There is a plethora of historical, ethnographic, and legendary information on the Druids. The
clearest attempts to separate fact from fiction are by Chadwick (1966), Kendrick (1927), Owen
(1962), and Piggott (1968). The account of the Druids on which most of the later myths and
speculations are based is Julius Caesar's (1980:121-123) description of them in the Gallic Wars.
Caesar describes the Druids in Gaul as "in charge of religion," instructing young men in Druidic
lore, acting as judges in criminal and civil disputes, and being "greatly honored by the people ....
It is thought that the doctrine of the Druids was invented in Britain and was brought from there
into Gaul; even today those who want to study the doctrine in greater detail usually go to Britain
to learn there" (Caesar 1980:121). The Druids in Gaul were suppressed after A.D. 14. Large numbers
of them were massacred by the Roman general Seutonius Paulinus in A.D. 60. After that time, they
are generally spoken of in the past tense; they are last mentioned in Classical literature ca. A.D.
300 (Owen 1962:15-26), then forgotten for a millennium.
Druids were rediscovered by French literati toward the end of the fifteenth century. In 1526, the
Scottish historian Hector Boece (1526) revived knowledge of them in Great Britain. He claimed
that in ancient times the Druids' headquarters was the Isle of Man. They were "rich experts both
in natural and moral philosophy .. . advisers of kings and nobles and instructors of nobles' sons in
'virtue and science."' He also associated them with megalithic stone circles (Owen 1962:28-31).
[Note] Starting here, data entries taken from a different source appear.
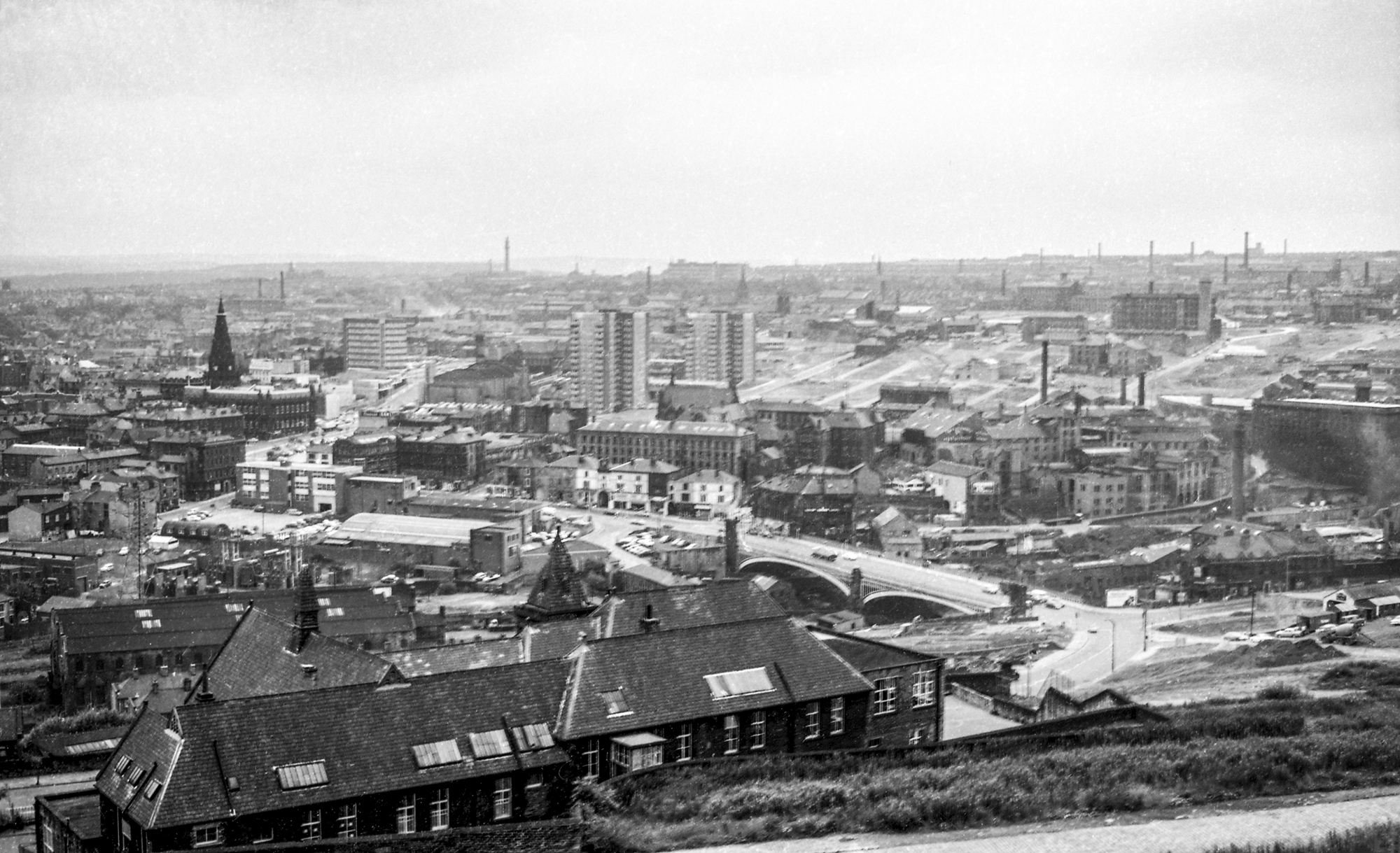 You could base a whole town planning conference around this photograph, or keep a classroom of kids occupied for a month. What colour is the Town Hall? How many mill chimneys are there? Why the large-scale demolitions? I must have taken the photograph in about 1970, just as work on Burdock Way was being started. When I enlarge the photograph and look at the individual streets – many of which are now long gone – it is like a trip down some winding memory lane. We used to queue up to get our Co-op Divvy up that street, and I used to walk down that street to meet my father at the factory gate. There is the story of the first part of my life in this photograph.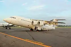 The center of gravity of this British Aerospace 146 shifted rearward when its engines were removed. As a result, it tipped back onto its rear fuselage in windy conditions.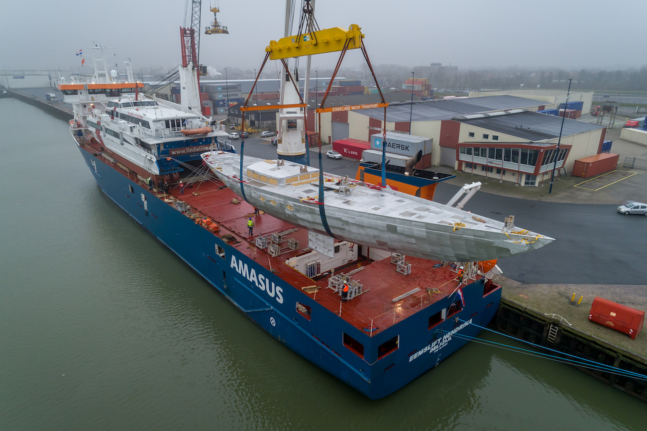 New Truly Classic 127 Sailing Yacht ATALANTE leaves her shed at Claasen
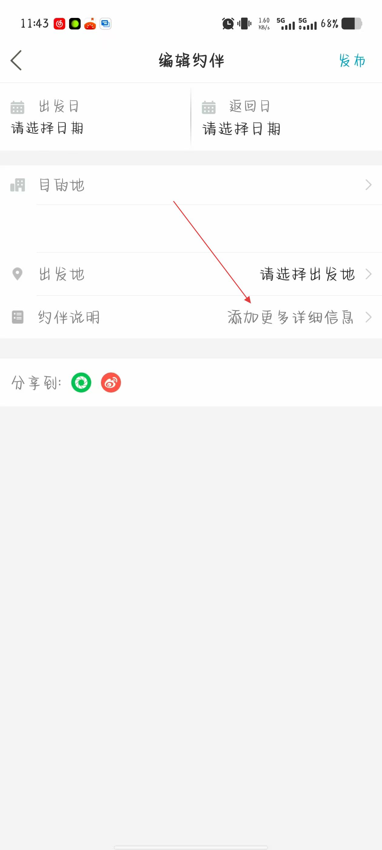 3、在編輯約伴頁面,依次選擇出發(fā)日、返回日、目的地、出發(fā)地,并點擊約伴說明右側(cè)的添加更多詳細信息。

John Leland studied in Paris in the 1530s and became a Britannic Druidophile. Leland's enthusiasm was shared by William Camden. In his influential and oft-reprinted Britannia, Camden (1587)
became the champion of British Druids: "our Druids," great scholar-priests who imparted much
knowledge to the rest of Europe.
Although Boece (1526) had suggested a relation between Druids and megalithic stone circles, the
identification was not systematically made until the seventeenth century. The Druidic: Stone Circle
linkage grew, especially in the hands of John Aubrey, who made careful studies of Stonehenge and
other sites. In his Monumenta Britannica (written by 1693, but not published until 1980), Aubrey
called Stonehenge "Templa Druidium." Though not published, the Monumenta was well known
to later antiquarians, and others soon found that various megalithic stone circles were "Druidic
temples" (Hunter 1975; Owen 1962:109-117; Stover and Kraig 1978:6-9).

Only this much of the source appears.